Paul, to be fair, has expressed more concern about the civil liberties of Muslims and Latino immigrants than many other Tea Partiers. Unlike Ted Cruz, he’s not wild about Arizona’s immigration law. And during his 13-hour drone filibuster, he did mention Americans of Middle Eastern descent, asking whether “if you happen to be an Arab-American who has a relative in the Middle East and you communicate with them by e-mail and somebody says, oh, your relative is someone we suspect of being associated with terrorism, is that enough to kill you?”
But even Paul—who after Rep. Justin Amash (R-MI) may be the most genuinely civil libertarian of the rising Tea Party pols—has a nasty habit of arguing that we can protect the freedoms of regular Americans by getting the government to target other, swarthier, folks. After the Boston Marathon attack, he suggested suspending all new student visas. In 2011, he told Sean Hannity that “I don’t want them [the government] looking at all 100 million guns records but I do want them going after … 100,000 exchange students from the Middle East … I would rather devote resources to that than I would patting down six year American kids in the airport.” He also told Hannity that “if someone is attending speeches from someone who is promoting the violent overthrow of our government, that’s really an offense that we should be going after—they should be deported or put in prison.” One Kentucky blog pointed out that given Paul’s presence at rallies where militia types discussed violent rebellion against Washington, he might not pass his own test.

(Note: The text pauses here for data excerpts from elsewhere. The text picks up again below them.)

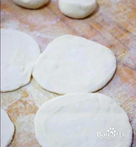 将小剂子按扁用擀面杖擀成圆形薄片;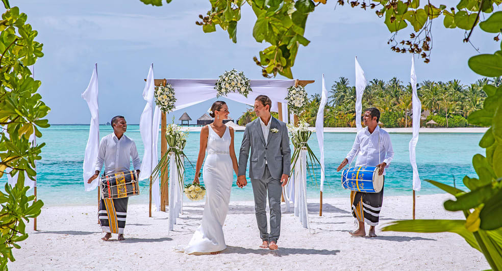 Celebrate your love in the Maldives, where crystal-clear waters, soft white sands, and golden sunsets create the perfect backdrop for your dream wedding. Exchange vows on the beach or in an ancient coconut grove at the heart of the island, with every detail tailored to your tastes.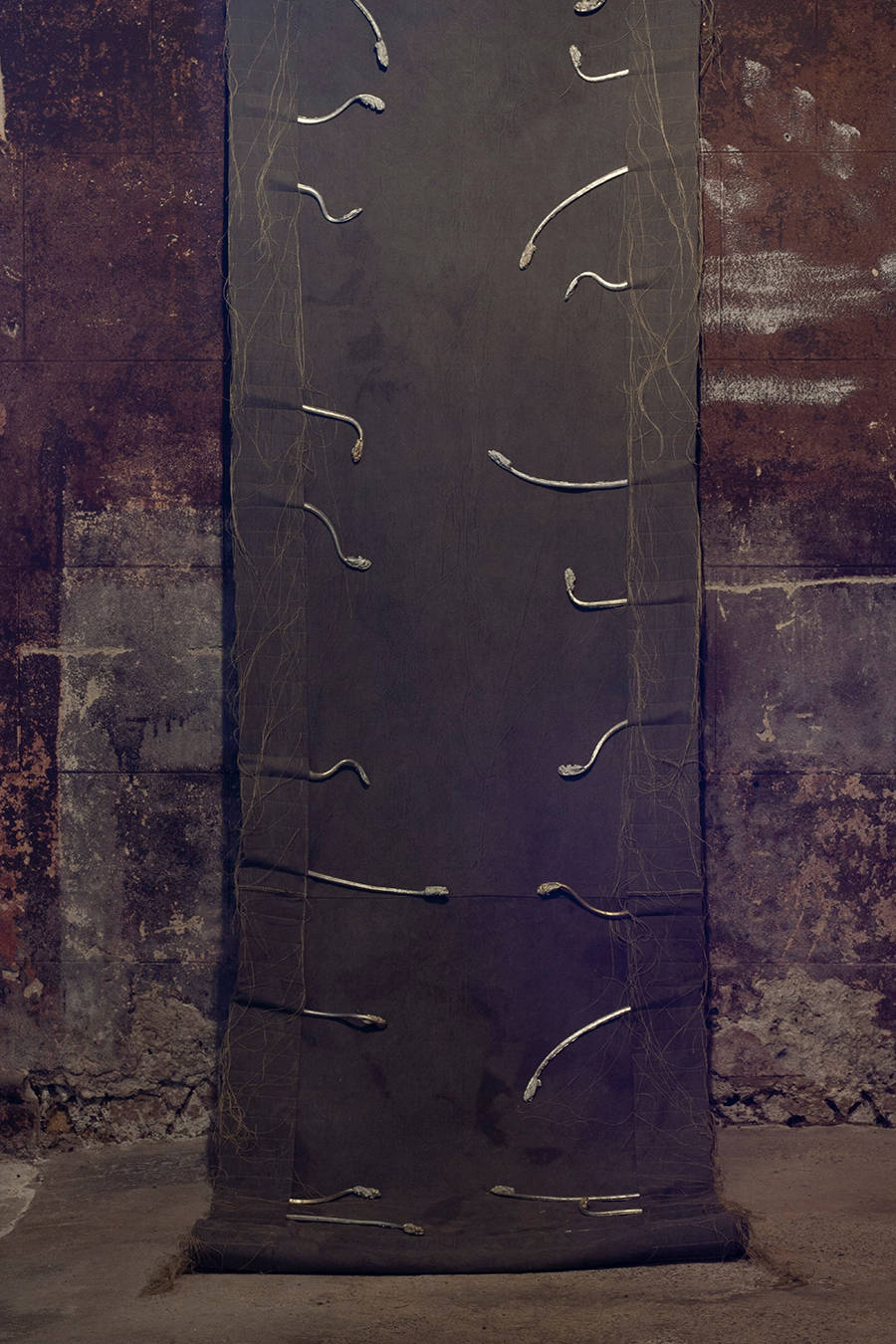 For the exhibition Plant Communitas, Hughes worked with folklore that revolves around the bracken fern. For hundreds of years humans could find no trace of how ferns reproduced, and this dark and interesting gap in our knowledge became a gathering point for meaning, powers and practices, including beliefs about invisibility.

Instead of defending the groups whose civil liberties have suffered most since 9/11, Paul wants to target them even more. And he seems to believe that if the feds profile people from the Middle East more aggressively, they’ll be able to keep the country safe without patting down any real Americans at the airport. Because, of course, red-blooded, white-skinned folks like Timothy McVeigh, Ted Kaczynski, and Adam Lanza pose no threat at all.
We’ve seen this before. In the 1920s, many of the same “small-government” conservatives who denounced progressive-era taxation and regulation as an assault on personal freedom also supported Prohibition, which they considered necessary to keep Catholics and other recent immigrants from endangering America’s moral fiber. Throughout the civil-rights era, segregationists accused tyrants in Washington of denying the people of the South the freedom to do as they pleased. Their definition of “people of the South” just didn’t include blacks.
In American politics, it’s rarely been hard to defend the liberties of the powerful against the power of the state. The hard part has been widening the circle of those individuals whose liberties are considered worth defending to include the marginal and the reviled. In that effort, sadly, the battle lines haven’t changed all that much in recent months. And the Tea Party, for the most part, is on the wrong side.